NVIDIA / waveglow

A Flow-based Generative Network for Speech Synthesis
BSD 3-Clause "New" or "Revised" License
2.27k stars 531 forks source link

Questions about mel params and training #82

Closed KeniMardira closed 5 years ago

KeniMardira commented 5 years ago
  1. In your experience, what are the things that you look out for when deciding for melspectrogram amplitude? Specifically I'm asking on why did you decide on not normalising the melspectrogram in your experiment.

  2. In the paper you mentioned that in your experiment you trained the network with a batch size of 24 for 580.000 iterations. I would like to confirm that this is also the case for the checkpoint provided?
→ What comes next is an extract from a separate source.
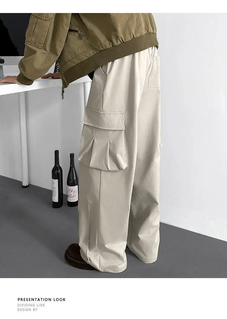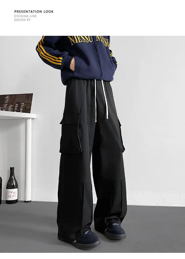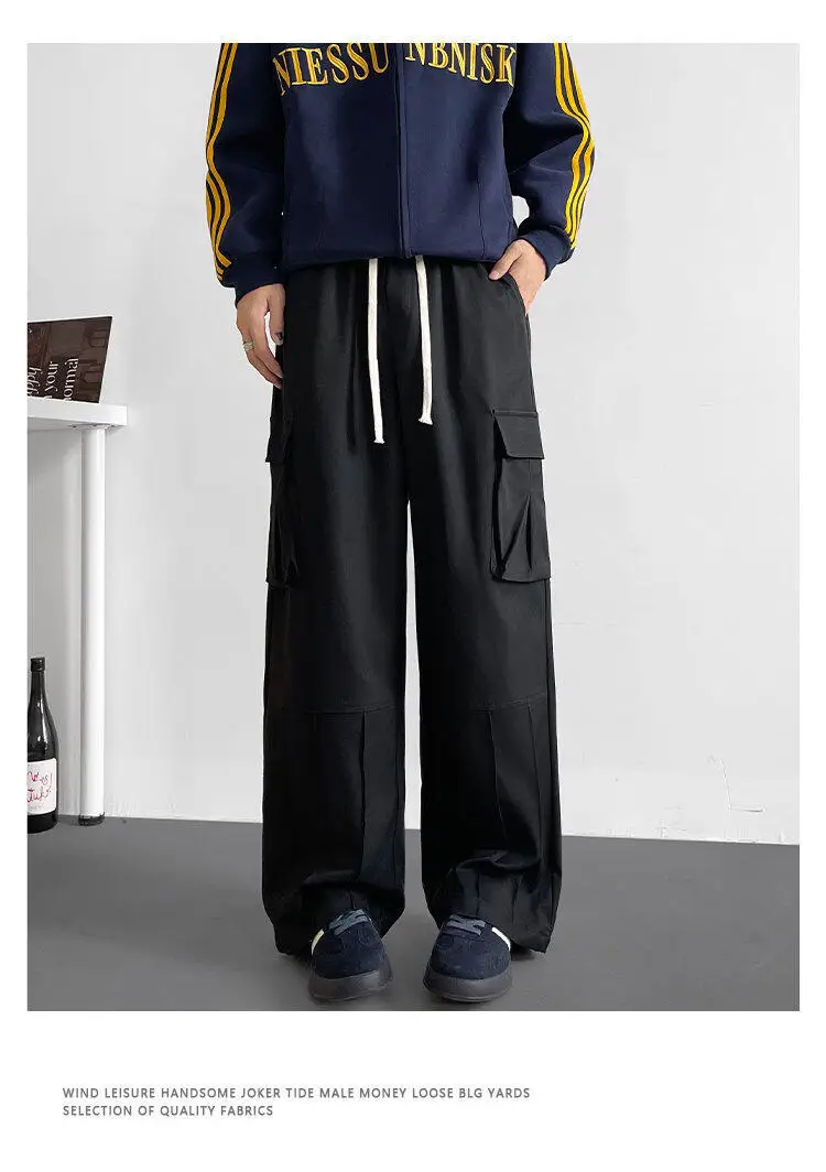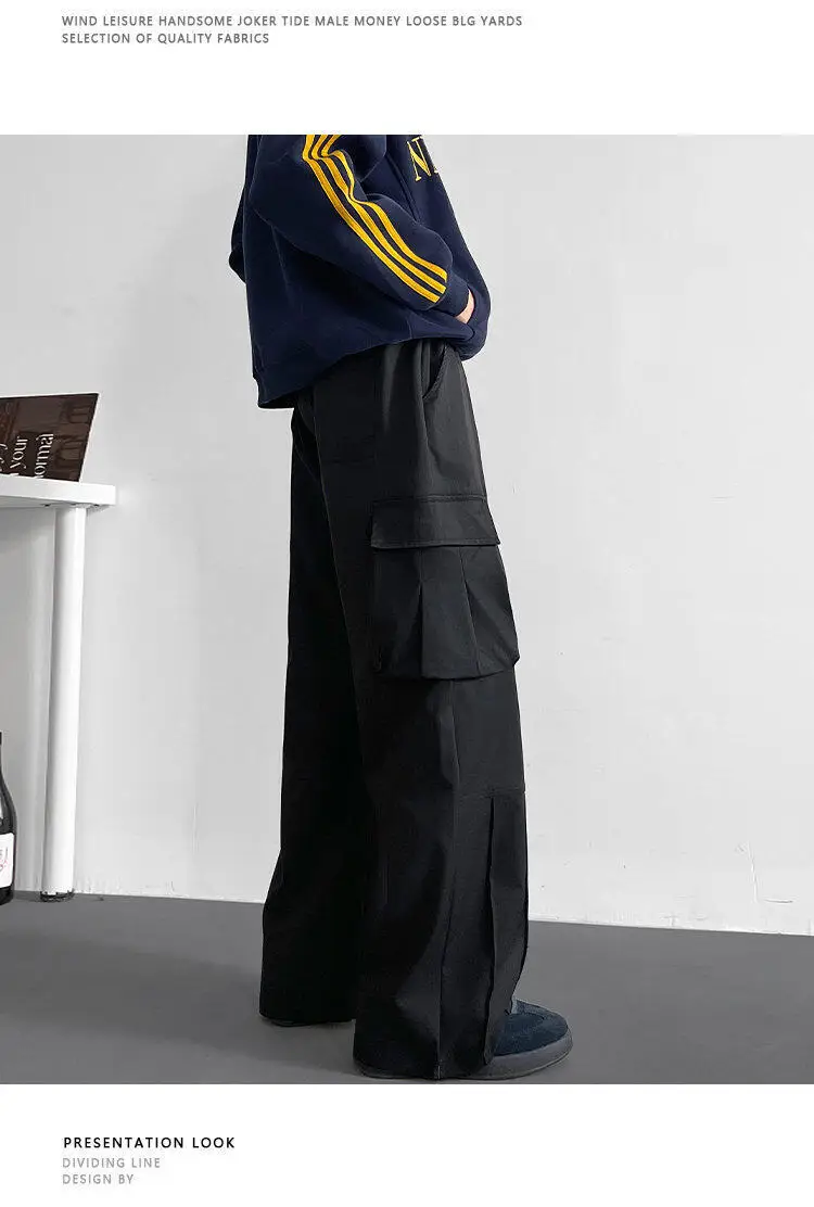 Black Casual Pants Men Retro Pocket Cargo Pants Men Japanese Streetwear Hip-hop Loose Wide Leg Pants Mens Vintage Trousers

  3. With the GPU that I have at the moment (K80 and P100) and using a single GPU for each experiment, I can only manage a batch size of around 3 to 5, depending on the parameter for the WN network. In your opinion, would I be able to achieve similar results with lower batch size?

  4. If not for Question 3, is there a way for me to get better results without having to use multi-gpus?

rafaelvalle commented 5 years ago
  1. WaveGlow is an extremely large and non-linear function that should be able to learn the map from audio to z and vice-versa regardless of the spectrogram amplitude being normalized. Normalizing the amplitude probably makes it easier for the model to learn the map.

  2. Yes, the checkpoint provided is at ~580k iterations, if not exactly.

  3. In expectation you should be able to achieve similar results by using proper learning rate and waiting longer.

KeniMardira commented 5 years ago

@rafaelvalle Thanks for your answer. Recently I was able to train a model with less ringing, simply by replacing the upsampling method with a nearest neighbour upsampling.

I found that the upsampling method used in this repo is somewhat a bit arbitrary, where the conv transpose for upsampling outputs some "residual" samples at the end. Was there any reason for using conv transpose?

rafaelvalle commented 5 years ago

Can you share with us samples from your nearest neighbor upsampling approach?

rafaelvalle commented 5 years ago

Closing due to inactivity.